Acta Chimica Sinica ›› 2013, Vol. 71 ›› Issue (08): 1154-1160.

Article

一种新型酶生物燃料电池阳极构建及性能研究

1. a 湖南大学化学化工学院 化学生物传感与计量学国家重点实验室 长沙 410082;
b 湖南有色金属研究院 长沙 410015
• 投稿日期:2013-03-15 发布日期:2013-06-13
• 通讯作者: 陈金华, E-mail: chenjinhua@hnu.edu.cn; Tel.: 0086-0731-88821961; Fax: 0086-0731-88821848 E-mail:chenjinhua@hnu.edu.cn
• 基金资助:

项目受国家自然科学基金(No. 21275041)、湖南省自然科学基金(No. 12JJ2010)、高等学校博士学科点专项科研基金(No. 20110161110009)和长江学者和创新团队发展计划(No. IRT1238)资助.

Construction and Performance of a New Bioanode for Biofuel Cells

Zou Qionga, Liu Juana,b, Zhu Gangbinga, Zhang Xiaohuaa, Chen Jinhuaa

1. a State Key Laboratory of Chemo/Biosensing and Chemometrics, College of Chemistry and Chemical Engineering, Hunan University, Changsha 410082;
b Hunan Research Institute for Nonferrous Metals, Changsha 410015
• Received:2013-03-15 Published:2013-06-13
• Supported by:

Project supported by the National Natural Science Foundation of China (No. 21275041), Hunan Provincial Natural Science Foundation of China (No. 12JJ2010), the Specialized Research Fund for the Doctoral Program of Higher Education (No. 20110161110009), and Program for Changjiang Scholars and Innovative Research Team in University (No. IRT1238).

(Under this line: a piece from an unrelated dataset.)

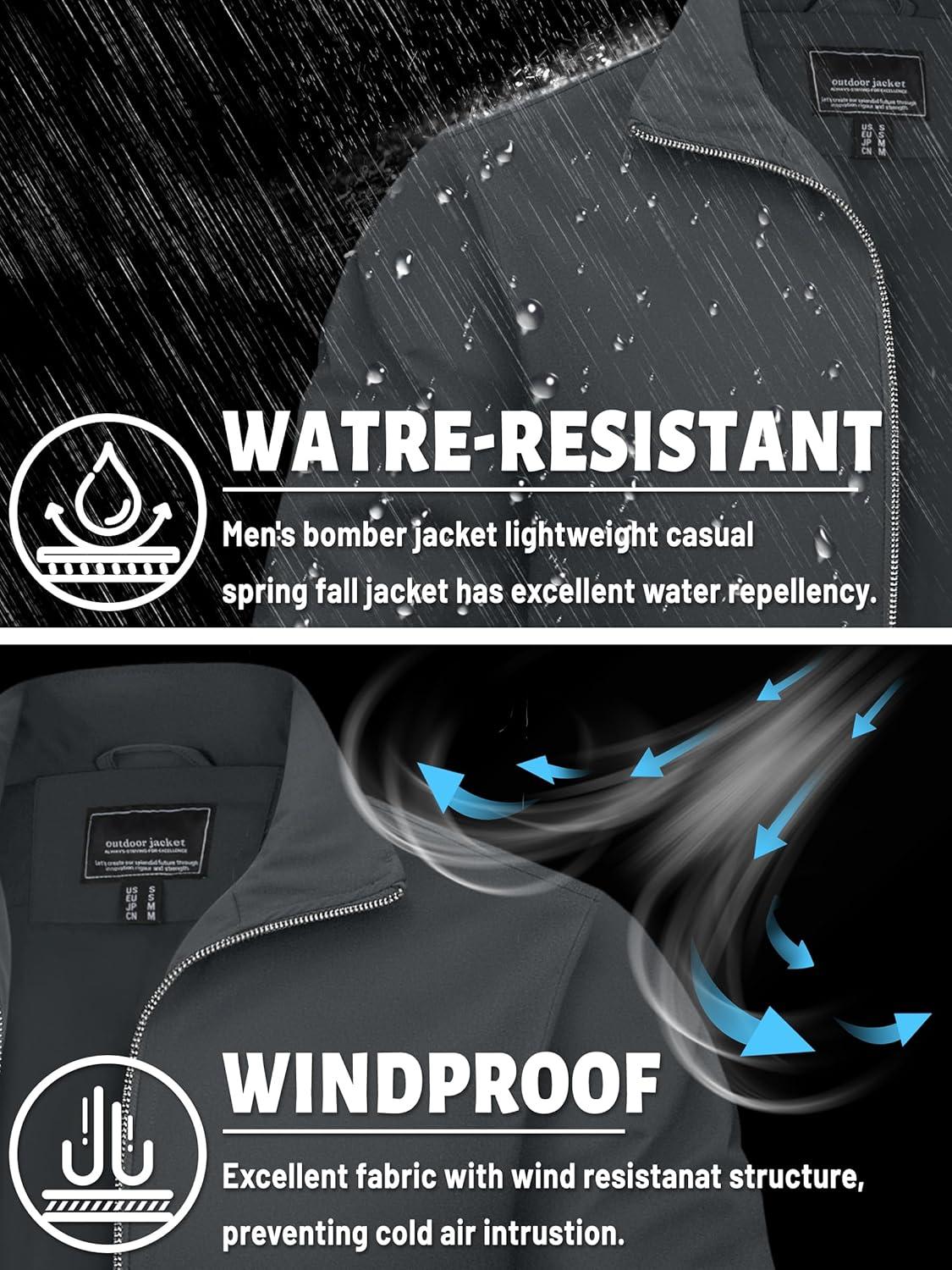imageTACVASEN Mens Bomber Jacket Lightweight Casual Windproof Running Spring Windbreaker Sportswear OuterwearBlack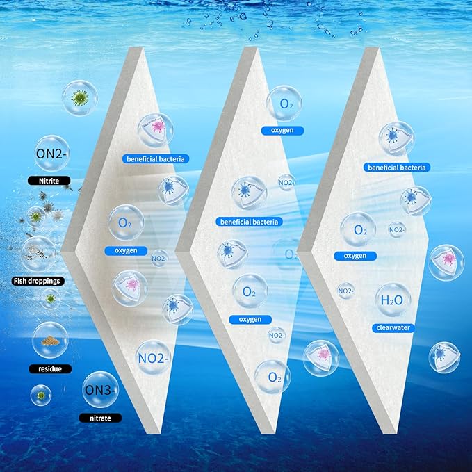- 🐟Highly Efficient Filtration: Our filter media is specially designed for aquariums or pond,captures microscopic debris, fish waste, and uneaten food, significantly improve water quality, contribute to the health of aquatic organisms, and improve the transparency and visual effect of the aquarium.

Acid-treated carbon nanotubes (CNTs) were functionalized by β-cyclodextrin (CD) through the van der Waals force between them. It is well-known that CD is toroidal in shape with a hydrophobic inner cavity and a hydrophilic exterior. Based on the recognition of CD to ferrocene (Fc), a water-soluble complex, CNTs-β-CD-Fc, was prepared. Glucose oxidase (GOD) was mixed with CNTs-β-CD-Fc and crosslinked with glutaraldehyde to form enzyme polymer. Then the GOD/CNTs-β-CD-Fc composite was coated on the glassy carbon (GC) electrode and the GOD/CNTs-β-CD-Fc/GC bioanode was obtained. The prepared CNTs-β-CD and CNTs-β-CD-Fc were characterized by thermal gravimeritric analysis, fourier transform infrared spectroscopy and transmission electron microscopy. The electrocatalytic properties of the GOD/CNTs-β-CD-Fc/GC bioanode towards glucose oxidation were investigated by cyclic voltammetry. The results showed that under the same experimental conditions, the GOD/CNTs-β-CD/GC electrode (without Fc) had almost no catalytic currents for glucose oxidation and the GOD/CNTs-β-CD-Fc/GC bioanode had higher electrocatalytic activity towards glucose oxidation than the GOD/CNTs-Fc/GC electrode. The long-term cycle stability of the developed GOD/CNTs-β-CD-Fc/GC bioanode was also evaluated by cyclic voltammetry and the results showed that the GOD/CNTs-β-CD-Fc/GC bioanode had much better stability than the GOD/CNTs-Fc/GC electrode. Taking the commercial E-TEK Pt/C modified GC electrode as the cathode, the maximum power density of the glucose/O2 biofuel cell (EBFC) based on the GOD/CNTs-β-CD-Fc/GC anode was 33 μW·cm-2 (at 0.18 V), almost 3 times higher than that of the EBFC based on the GOD/CNTs-Fc/GC anode (11.7 μW·cm-2 at 0.16 V). The stability of the developed EBFC was also investigated by monitoring the change of the open circuit potential (OCP) of EBFC. After continuous operation for 9 h, the developed EBFC (the GOD/CNTs-β-CD-Fc/GC electrode as the bioanode) remained 92% of initial OCP, suggesting the good operating stability. The proposed strategy for bioanode preparation may provide a new way for the development of glucose/O2 EBFC with good perfomance and high stability.